A new Secretary-General of the United Nations was sworn in today. The native languages spoken by the holders of this post up to the present day have been:
Norwegian | (Trygve Lie, Norway, 1946-1952) |
Swedish | (Dag Hammarskjöld, Sweden, 1953-1961) |
Burmese | (U Thant, Burma, 1961-1971) |
German | (Kurt Waldheim, Austria, 1972-1981) |
Spanish | (Javier Pérez de Cuéllar, Peru, 1982-1991) |
Egyptian Arabic | (Boutros Boutros-Ghali, Egypt, 1992-1996) |
Akan | (Kofi Annan, Ghana, 1997-2006) |
Korean | (Ban Ki-Moon, Republic of Korea, 2007--) |
Amidst all the talk of English as a global language that is wiping all other languages out, and notwithstanding the obvious fact that every Secretary-General has to give speeches in English, and granting that Kofi Annan's English is of near-native quality, it might be worth noting that we have here a top position in a US-headquartered organization that no native speaker of English has ever held, not even for a day.

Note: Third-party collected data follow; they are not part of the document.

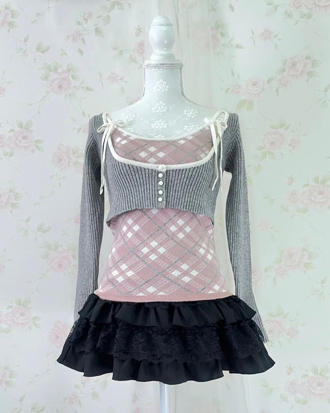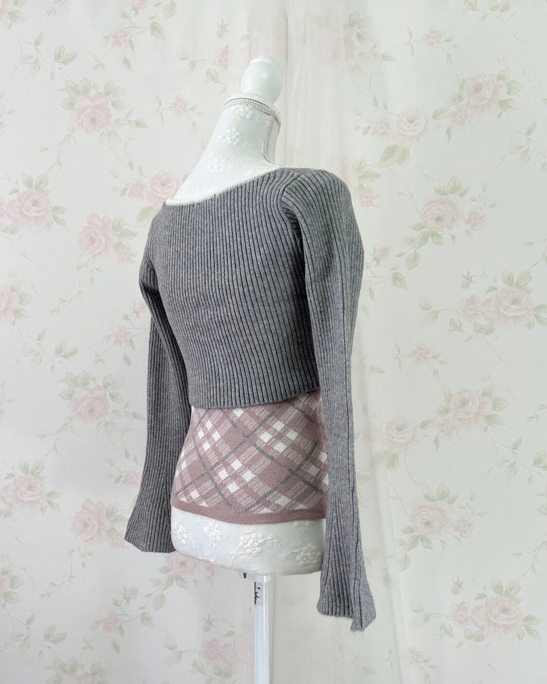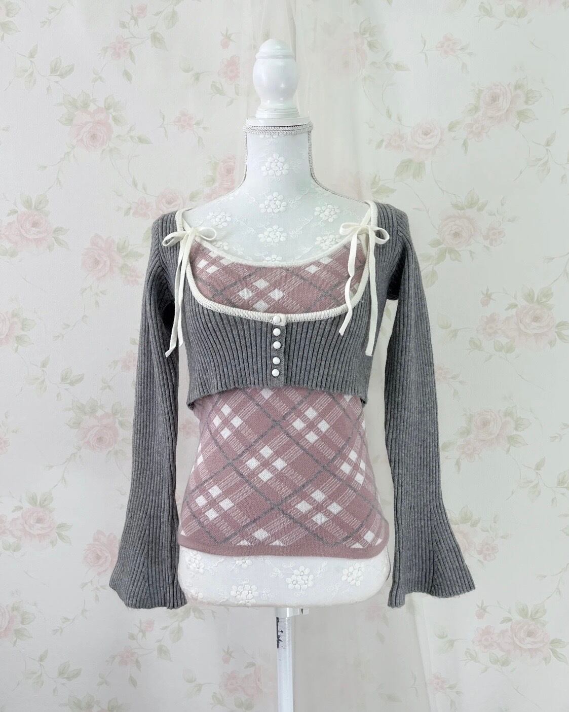 apres jour Short Knit Top & Camisole Set (Gray Pink)
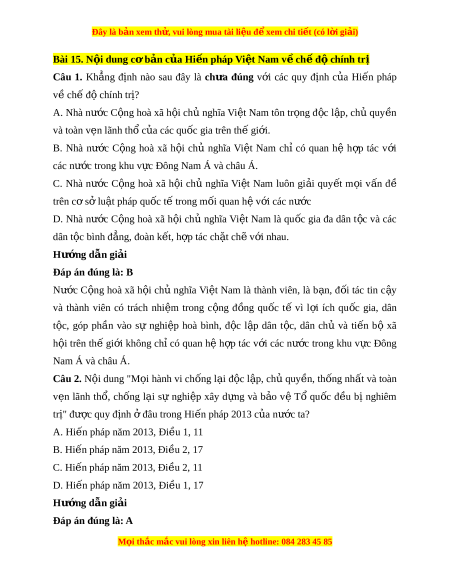 Đây là bản xem th , vu ử i lòng mua tài li u ệ đ xe ể m chi ti t (c ế ó l i ờ gi i ả ) Bài 15. N i ộ dung c b ơ n c ả a H ủ i n pháp ế Vi t ệ Nam v ch ề đ ế chí ộ nh trị Câu 1. Kh ng ẳ đ nh
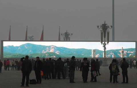 In this Feb. 3. 2014, Kim Gun-ja, 89, former comfort woman who was forced to serve for the Japanese troops as a sex slave during World War II, passes by her wedding picture, top center, at the House of Sharing, a nursing home and museum for 10 former sex slaves, in Toechon, South Korea. [Photo/icpress.cn]
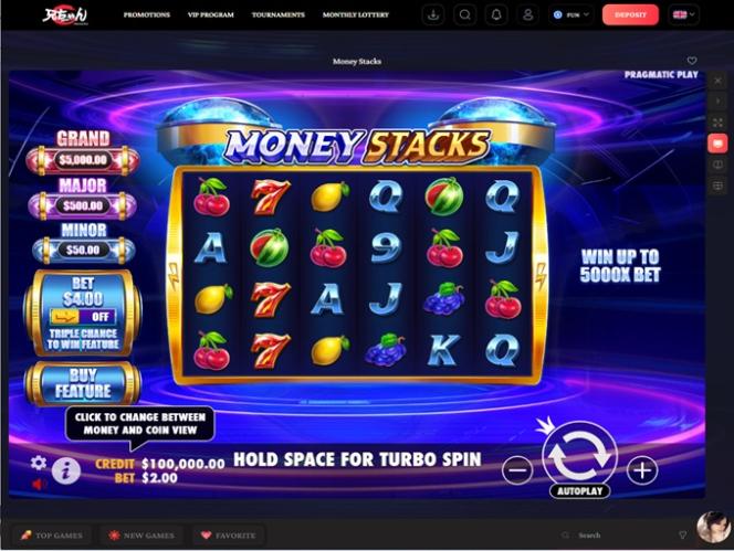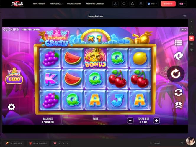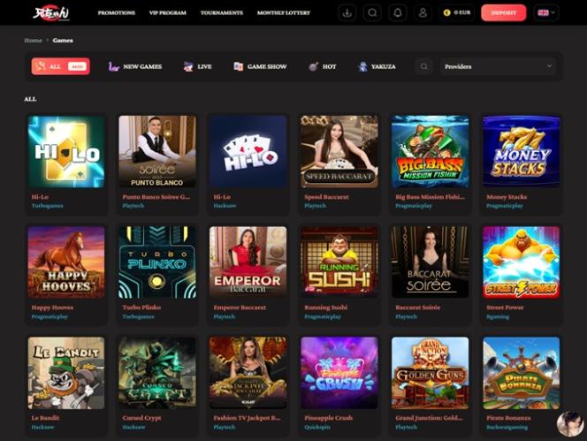 さらに、ウェブサイトの上部には、すべてのゲーム、プロモーション、トーナメント、VIP プログラム、毎月の宝くじにアクセスできる水平メニューがあります。

Update: Of course, there are some further generalizations that put this fact in context, as several people have written to me to point out. One is that in the Cold War days, it was understood that the Secretary-General had to be from a country not aligned with either the Soviet Union or the USA and Britain, and that didn't really leave an English-speaking (or Russian-speaking) country for a Secretary-General to be from. And the other is that no national language of one of the permanent members of the UN Security Council is on the list above.